The professional travel-writer must never hate any destination in print, and Lucas knew that in his bones. He, too, is practiced in the art of surrender. Although in the case of Venice, he correctly describes the laid-back atmosphere of the whole place back before the bulk of the deplorable 20th Century:
I too have seen the beginning of many quarrels, chiefly on the water. But I have seen only two Venetians use their fists – and they were infants in arms. For the rest, except at traghetti and at the corners of canals, the Venetians are good-humoured and blessed with an easy smiling tolerance. Venice is the best place in the world, and they are in Venice, and there you are! Why lose one’s temper?
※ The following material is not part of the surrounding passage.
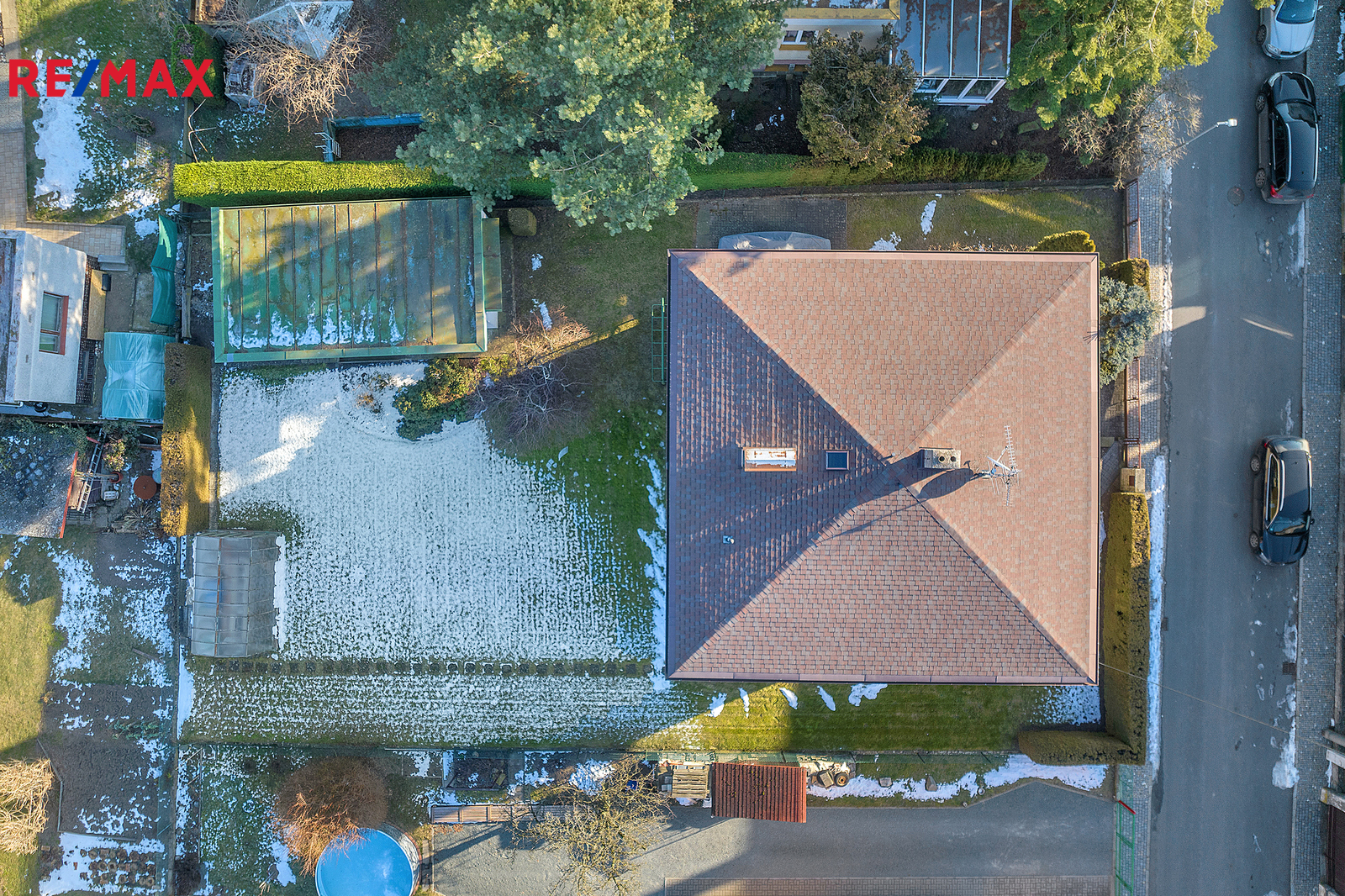 Na zahradě je další garáž s prostorem pro zahradní techniku a dílnu. Tento objekt je částečně podsklepen.

In a typically self-deprecating move, Lucas opens A Wanderer in Venice by telling his readers that they really ought to go elsewhere if they’re looking for in-depth history of the city, or in-depth analysis of its artwork or social structure, etc. He nevertheless mixes in as much of this sort of thing as could be harvested in some comfortable trips to the Reading Room of the British Museum – but the passages are distinct from his lovely, eloquent personal reflections, and they’re always offered with a faint air of apology. The incredible back-log of books generated by Venice doesn’t exactly oppress our author (he was too prolific for such paralyzing thoughts), but he’s aware of it all the same:
Venice needs a whole library to describe her: a book on her churches and a book on her palaces; a book on her painters and a book on her sculptors; a book on her old families and a book on her new; a book on her builders and a book on her bridges; a book – but why go on? The fact is self-evident.
Venice doesn’t just need those things – it’s received them, many times over. Already in Lucas’ day, the idea of adding another volume to the pile should have been considered a fantastic extravagance, almost completely indefensible. He knew that as well as anybody, and his own defense is typically wistful:
Yet there is something that a single book can do: it can testify to delight received and endeavour to kindle an enthusiasm in others; and that I may perhaps have done.
The real defense – that the public is always buying – he leaves unsaid. Gallant man.